Your task => Using the material below, return exactly the lines between the one holding "The FIS invites" and the one holding "Es hora de despedirse", inclusive, and no others.

Data =>
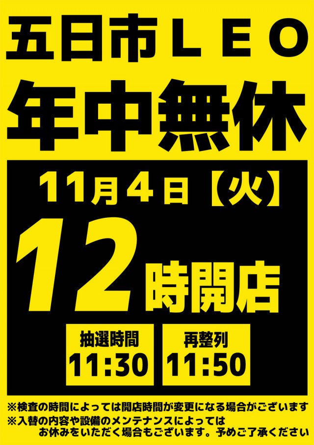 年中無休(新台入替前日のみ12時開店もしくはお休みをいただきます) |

* * *

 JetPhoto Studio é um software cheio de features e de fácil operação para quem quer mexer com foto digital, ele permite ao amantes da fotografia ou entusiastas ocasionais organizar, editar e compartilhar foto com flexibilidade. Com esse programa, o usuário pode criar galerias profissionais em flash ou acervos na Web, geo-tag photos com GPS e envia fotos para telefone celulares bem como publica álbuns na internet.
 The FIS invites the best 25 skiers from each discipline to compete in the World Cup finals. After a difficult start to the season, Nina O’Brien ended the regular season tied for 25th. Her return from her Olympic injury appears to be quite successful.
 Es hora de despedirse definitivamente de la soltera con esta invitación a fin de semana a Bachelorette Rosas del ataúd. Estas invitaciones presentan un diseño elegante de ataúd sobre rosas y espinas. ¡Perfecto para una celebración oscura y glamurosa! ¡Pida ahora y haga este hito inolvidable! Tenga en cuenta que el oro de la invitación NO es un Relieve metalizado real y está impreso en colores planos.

Result of this exercise =>
 The FIS invites the best 25 skiers from each discipline to compete in the World Cup finals. After a difficult start to the season, Nina O’Brien ended the regular season tied for 25th. Her return from her Olympic injury appears to be quite successful.
 Es hora de despedirse definitivamente de la soltera con esta invitación a fin de semana a Bachelorette Rosas del ataúd. Estas invitaciones presentan un diseño elegante de ataúd sobre rosas y espinas. ¡Perfecto para una celebración oscura y glamurosa! ¡Pida ahora y haga este hito inolvidable! Tenga en cuenta que el oro de la invitación NO es un Relieve metalizado real y está impreso en colores planos.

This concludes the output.